=== ACTIVITY ===
Within the listing below, please copy exactly the lines between the line holding "ส่วนรถขุดคันอื" and the line holding "Watercolor, ink and", inclusive.

=== RECORDS FOR PROCESSING ===
───
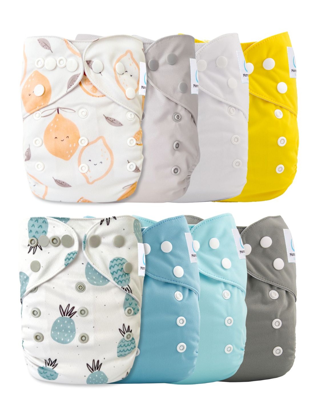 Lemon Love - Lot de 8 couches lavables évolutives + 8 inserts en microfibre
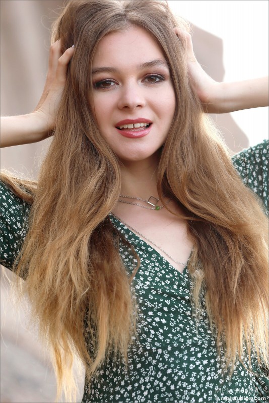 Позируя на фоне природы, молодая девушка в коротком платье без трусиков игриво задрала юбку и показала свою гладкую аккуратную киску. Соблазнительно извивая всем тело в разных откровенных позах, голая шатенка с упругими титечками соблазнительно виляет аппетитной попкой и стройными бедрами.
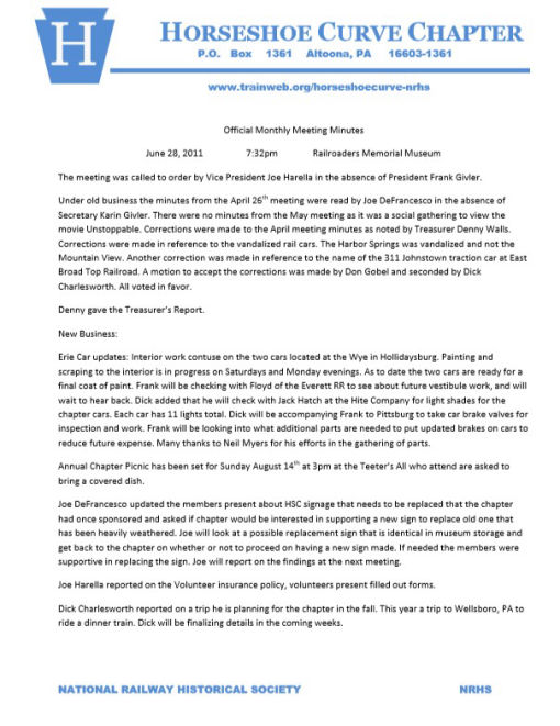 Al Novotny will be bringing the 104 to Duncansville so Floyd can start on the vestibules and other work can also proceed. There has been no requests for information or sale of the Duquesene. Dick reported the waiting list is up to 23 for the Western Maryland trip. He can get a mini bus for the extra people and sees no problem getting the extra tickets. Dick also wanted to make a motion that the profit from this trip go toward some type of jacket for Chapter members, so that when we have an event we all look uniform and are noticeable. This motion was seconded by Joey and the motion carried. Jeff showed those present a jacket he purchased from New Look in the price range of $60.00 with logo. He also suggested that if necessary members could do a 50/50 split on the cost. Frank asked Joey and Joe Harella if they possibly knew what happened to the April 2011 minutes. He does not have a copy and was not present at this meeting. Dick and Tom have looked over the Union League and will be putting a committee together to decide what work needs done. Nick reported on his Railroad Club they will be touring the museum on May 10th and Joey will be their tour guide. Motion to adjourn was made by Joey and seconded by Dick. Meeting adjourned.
───
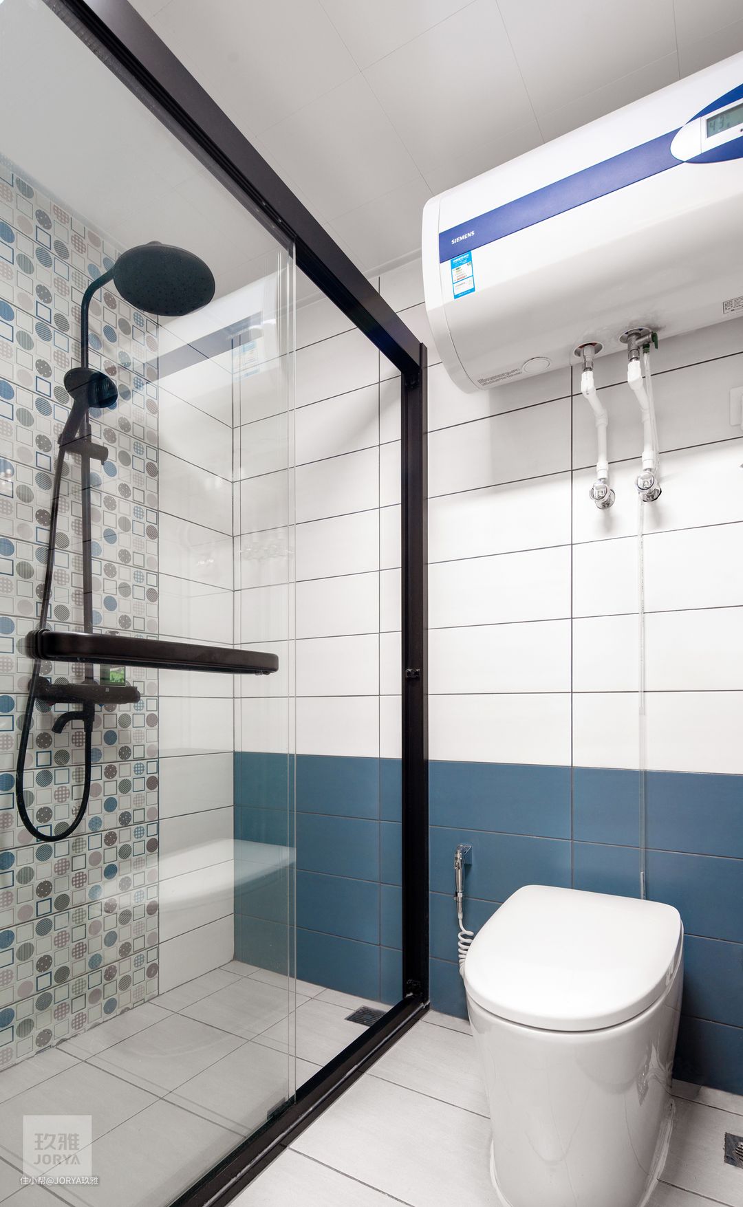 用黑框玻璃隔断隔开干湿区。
───
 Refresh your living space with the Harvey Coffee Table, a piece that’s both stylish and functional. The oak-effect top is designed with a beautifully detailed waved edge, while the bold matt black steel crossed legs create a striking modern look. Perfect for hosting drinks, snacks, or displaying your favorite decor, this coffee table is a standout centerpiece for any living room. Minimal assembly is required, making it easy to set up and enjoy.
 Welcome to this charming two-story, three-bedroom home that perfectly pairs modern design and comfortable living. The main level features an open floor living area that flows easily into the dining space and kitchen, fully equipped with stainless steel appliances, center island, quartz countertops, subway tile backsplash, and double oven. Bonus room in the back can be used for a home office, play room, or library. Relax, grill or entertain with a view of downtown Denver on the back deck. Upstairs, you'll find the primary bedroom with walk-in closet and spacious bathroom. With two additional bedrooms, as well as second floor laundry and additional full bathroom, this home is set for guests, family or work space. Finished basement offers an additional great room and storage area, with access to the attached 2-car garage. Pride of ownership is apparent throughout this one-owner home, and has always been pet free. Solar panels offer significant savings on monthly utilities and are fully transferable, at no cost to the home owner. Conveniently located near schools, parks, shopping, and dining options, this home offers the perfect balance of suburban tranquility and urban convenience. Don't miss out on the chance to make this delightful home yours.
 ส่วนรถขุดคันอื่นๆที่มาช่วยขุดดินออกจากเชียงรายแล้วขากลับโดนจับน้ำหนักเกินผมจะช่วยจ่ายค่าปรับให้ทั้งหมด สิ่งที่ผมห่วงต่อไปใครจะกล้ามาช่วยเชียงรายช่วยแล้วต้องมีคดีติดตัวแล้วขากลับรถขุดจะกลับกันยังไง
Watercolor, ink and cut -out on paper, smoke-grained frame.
───
=== WRITTEN SOLUTION ===
 ส่วนรถขุดคันอื่นๆที่มาช่วยขุดดินออกจากเชียงรายแล้วขากลับโดนจับน้ำหนักเกินผมจะช่วยจ่ายค่าปรับให้ทั้งหมด สิ่งที่ผมห่วงต่อไปใครจะกล้ามาช่วยเชียงรายช่วยแล้วต้องมีคดีติดตัวแล้วขากลับรถขุดจะกลับกันยังไง
Watercolor, ink and cut -out on paper, smoke-grained frame.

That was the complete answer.